The diffusion of common bean after the Columbian exchange and impact on the culinary use of beans

The transfer of common bean from the Americas to Europe was in all probability associated with a genetic bottleneck, which reduced the diversity of the European bean because of founder effect [34]. However, since its introduction in the Old Continent, common bean has experienced rapid diversification into a multitude of new varieties. It has been suggested that Europe, most notably the South-Western area, can be regarded as a secondary diversification center for P. vulgaris [35], with variants that have not been documented in the Americas [36]. The factors that contribute to this adaptive radiation include the new environmental conditions, the different farming techniques (such as new rotations and planting time), and the multiple uses of the plants. Specifically, according to the stage of maturity, beans are grown to produce green or snap beans (consumed as fresh or processed pods), green shell or fresh beans (full-sized seeds consumed as fresh), dry or dry shell beans (full-size seeds, dried and consumed only after processing). Additionally, green beans can be harvested at different stages and can come in different sizes, from the small cylindrical pods available globally in frozen bags or canned, to the larger flattened and tender green beans with a fibrous suture that is removed before cooking, sold fresh in local markets in Southern Italy and Greece. The green beans have always been popular in Italy, and it was common in the warmest area of Southern Italy to sow them in autumn, to harvest the pods before Christmas. It is probably no coincidence that Italian cookbooks more often refer to green beans for Phaseolus spp. [23], probably because many archeo-chefs also aimed to highlight the possible consequences for health of the various ingredients. Under this perspective, dry beans have always been considered one of the toughest to digest and gassier legumes [30].
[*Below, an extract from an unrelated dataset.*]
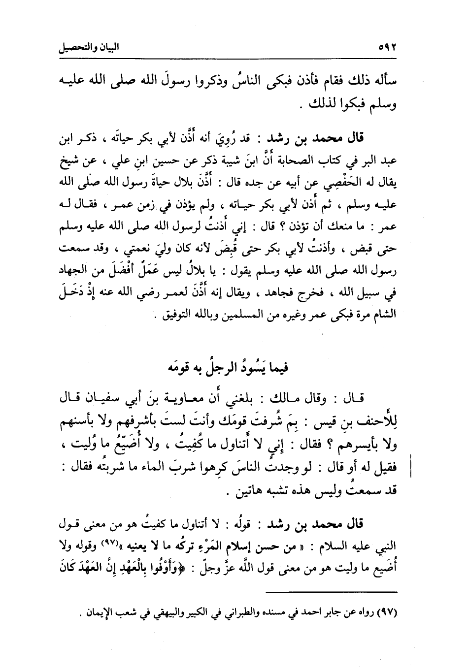 قال محمد بن رشد: قد روي أنه أذن لأبي بكر حياته، ذكر ابن عبد البر في كتاب الصحابة أن ابن شيبة ذكر عن حسين بن علي، عن شيخ يقال له الحفصي عن أبيه عن جده قال: أذن بلال حياة رسول الله صلى الله عليه وسلم، ثم أذن لأبي بكر حياته، ولم يؤذن في زمن عمر، فقال له عمر: ما منعك أن تؤذن؟ قال: إني أذنت لرسول الله - صَلَّى اللَّهُ عَلَيْهِ وَسَلَّمَ - حتى قبض، وأذنت لأبي بكر حتى قبض لأنه كان ولي نعمتي، وقد سمعت رسول الله - صَلَّى اللَّهُ عَلَيْهِ وَسَلَّمَ - يقول: «يا بلال ليس عمل أفضل من الجهاد في سبيل الله، فخرج فجاهد» ويقال إنه أذن لعمر - رَضِيَ اللَّهُ عَنْهُ - إذ دخل الشام مرة فبكى عمر وغيره من المسلمين، وبالله التوفيق.

Before the Columbian exchange, the scarlet runner bean (P. coccineus L.) and the Lima bean (P. lunatus L.) were the species belonging to the genus Phaseolus that were used to produce fagioli in Italy. Today, only very few varieties of P. coccineus are cultivated [37], typically in hillsides and mountainous areas in Central and Northern Italy, usually 400–500 m a.s.l. Cowpea has virtually disappeared in Italy. It has been quickly displaced by Phaseolus spp. soon after their introduction in Europe, because of higher yield with similar agronomic practices. In some areas of the Campania region, Vigna unguiculata had the folk name of "fagiolo comune" (common bean) [16], an indication of its past diffusion. Already in the’80, cowpea cultivation in the Campania, Apulia, and Basilicata regions was limited to family gardens, mainly for domestic consumption of green pods [16]. Cowpea almost completely disappeared, being mainly present, on limited acreage, in some areas of the Campania (e.g., Sele Valley and Alburni mountain range) and Apulia regions [38]. Lupins are perhaps mostly known because of the tragic business venture described in the “Malavoglia,” the best-known novel by Giovanni Verga [39]. In Italy, they are almost exclusively sold pickled in brine, as a take-away snack in street markets and village fairs. Lupins are, therefore, the main and probably, the only contemporary expression of street food related to legumes in Italy.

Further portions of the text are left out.